Flooding was by far the most damaging event financially, costing around $150 Billion. Hurricanes and Storm Surge/Tide were also particularly costly, coming in at around $75 Billion and $50 Billion respectively. Working to reduce the damages caused by these three events (especially floods) should be focus.
We compute the number of fatalities for each event type and filter on the top 20.
fatalities <- tapply(stormdata$FATALITIES, stormdata$EVTYPE, sum)
fatalitiesdf <- data.frame(Event = names(fatalities), Fatalities = as.numeric(fatalities), stringsAsFactors = TRUE) %>%
arrange(desc(fatalities)) %>%
head(20)
Note that the top 20 events account for over 94% of all fatalities; this justifies only focusing on the top 20 events.
sum(fatalitiesdf$Fatalities)/sum(stormdata$FATALITIES)
## [1] 0.9421667
We now plot the top 20 events by fatalities.
fatalitiesdf$Event <- factor(fatalitiesdf$Event, levels = fatalitiesdf$Event)
ggplot(fatalitiesdf, aes(x = Fatalities, y = Event)) +
geom_bar(stat = "identity", fill = "red") +
geom_text(aes(label = Fatalities), hjust = -0.1, colour = "black") +
xlim(0, 2200) +
labs(title = "US Severe Weather Fatalities 1996 - 2011")
Excessive Heat and Tornadoes were the most fatal events, with over 3300 deaths attributable to them. Flash Floods were also deadly with 889 deaths.
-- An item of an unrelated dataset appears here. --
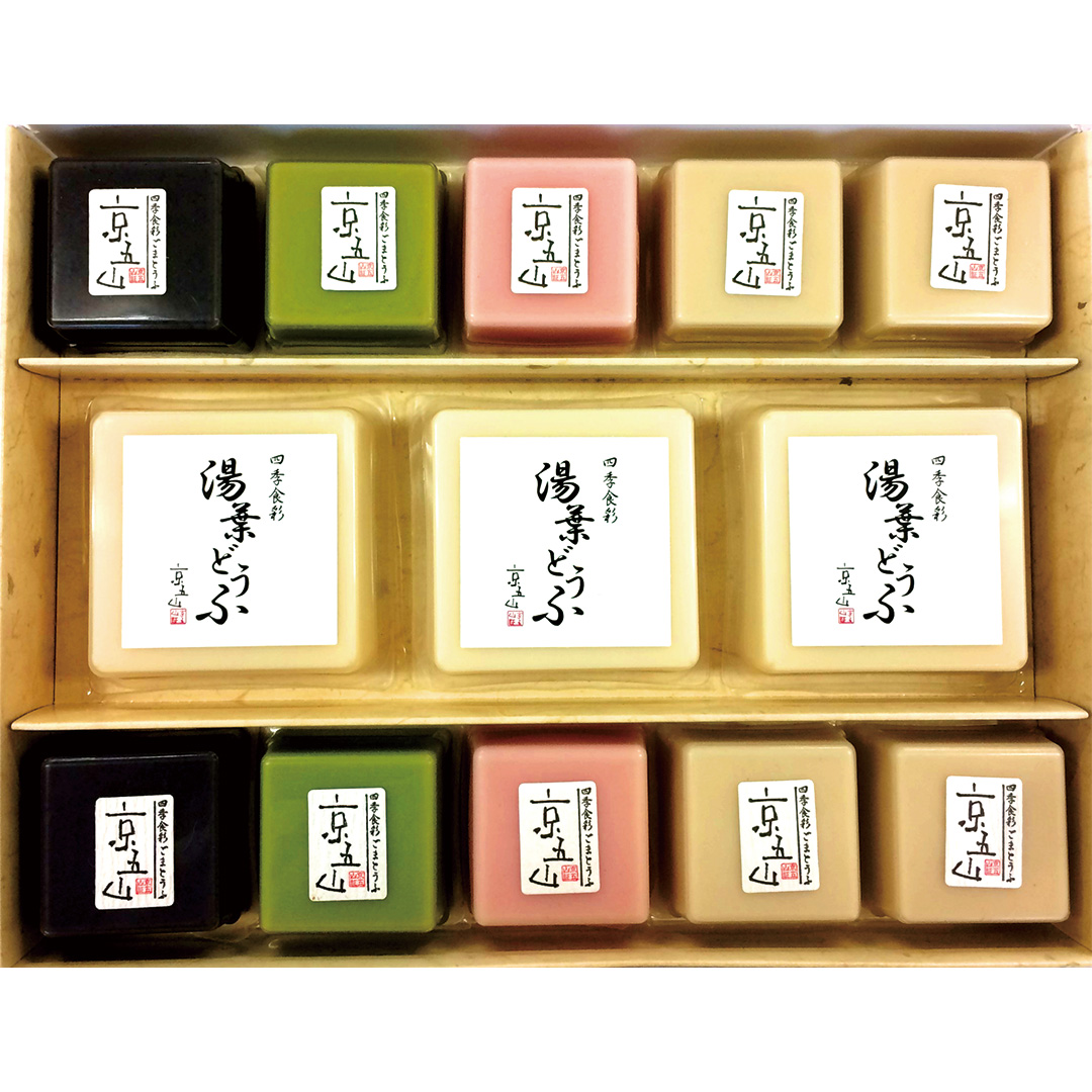 京都 北野天満宮傍の胡麻豆腐専門店「京五山」の人気商品、ごまとうふと湯葉どうふの詰合せとなります。いろんな味を食べ比べられるちょっと贅沢な詰合せです。

We next compute the number of injuries for each event type and filter on the top 20.
injuries <- tapply(stormdata$INJURIES, stormdata$EVTYPE, sum)
injuriesdf <- data.frame(Event = names(injuries), Injuries = as.numeric(injuries), stringsAsFactors = TRUE) %>%
arrange(desc(injuries)) %>%
head(20)
Note that the top 20 events account for over 97% of all injuries; this justifies only focusing on the top 20 events.
sum(injuriesdf$Injuries)/sum(stormdata$INJURIES)
## [1] 0.9740233
We now plot the top 20 events by injuries.
injuriesdf$Event <- factor(injuriesdf$Event, levels = injuriesdf$Event)
ggplot(injuriesdf, aes(x = Injuries, y = Event)) +
geom_bar(stat = "identity", fill = "red") +
geom_text(aes(label = Injuries), hjust = -0.1, colour = "black") +
xlim(0, 25000) +
labs(title = "US Severe Weather Injuries 1996 - 2011") +
theme_bw()
Tornadoes were by far the most dangerous event with respect to injuries with over 20,000 injuries caused by them. Excessive Heat and Flooding were also dangerous with a combined 14,191 injuries attributable to the two events.
Overall, Tornadoes and Excessive Heat lead to many injuries and fatalities; as such the focus of any efforts to reduce the impact on public health of severe weather events should begin with these two events. Flooding (or Flash Flooding) was also dangerous and it should be a focus of efforts to reduce injuries and fatalities.